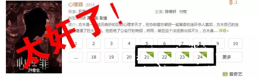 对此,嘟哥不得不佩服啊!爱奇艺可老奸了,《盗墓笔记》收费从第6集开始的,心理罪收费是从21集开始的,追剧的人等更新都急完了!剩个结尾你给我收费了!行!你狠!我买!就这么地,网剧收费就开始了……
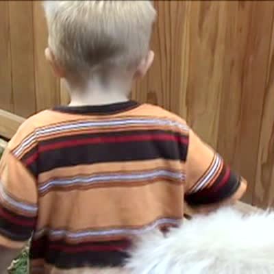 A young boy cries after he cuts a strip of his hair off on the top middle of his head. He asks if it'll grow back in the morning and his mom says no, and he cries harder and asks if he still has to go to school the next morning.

────────────────────────────────────────

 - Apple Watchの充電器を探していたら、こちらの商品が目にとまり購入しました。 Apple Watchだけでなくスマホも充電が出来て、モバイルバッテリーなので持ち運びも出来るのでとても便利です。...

────────────────────────────────────────

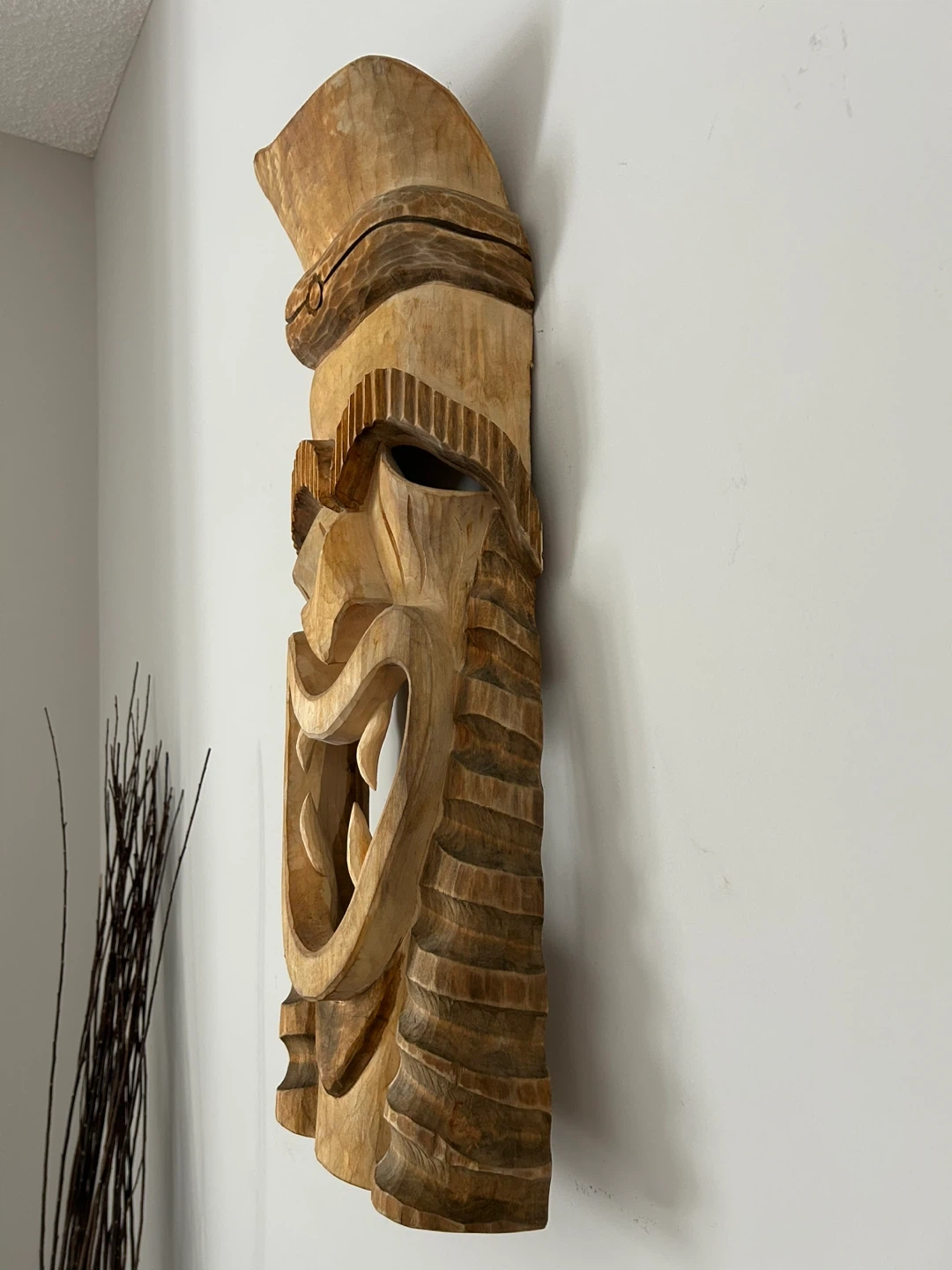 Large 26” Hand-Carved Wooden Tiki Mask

────────────────────────────────────────

» **PROBLEM DETAILS**
Print exactly the lines above that run from the one with "对此,嘟哥不得不佩服啊!爱奇" to the one with "A young boy", both included. No pictures.

» **ANSWER TO THIS TASK**
 对此,嘟哥不得不佩服啊!爱奇艺可老奸了,《盗墓笔记》收费从第6集开始的,心理罪收费是从21集开始的,追剧的人等更新都急完了!剩个结尾你给我收费了!行!你狠!我买!就这么地,网剧收费就开始了……
 A young boy cries after he cuts a strip of his hair off on the top middle of his head. He asks if it'll grow back in the morning and his mom says no, and he cries harder and asks if he still has to go to school the next morning.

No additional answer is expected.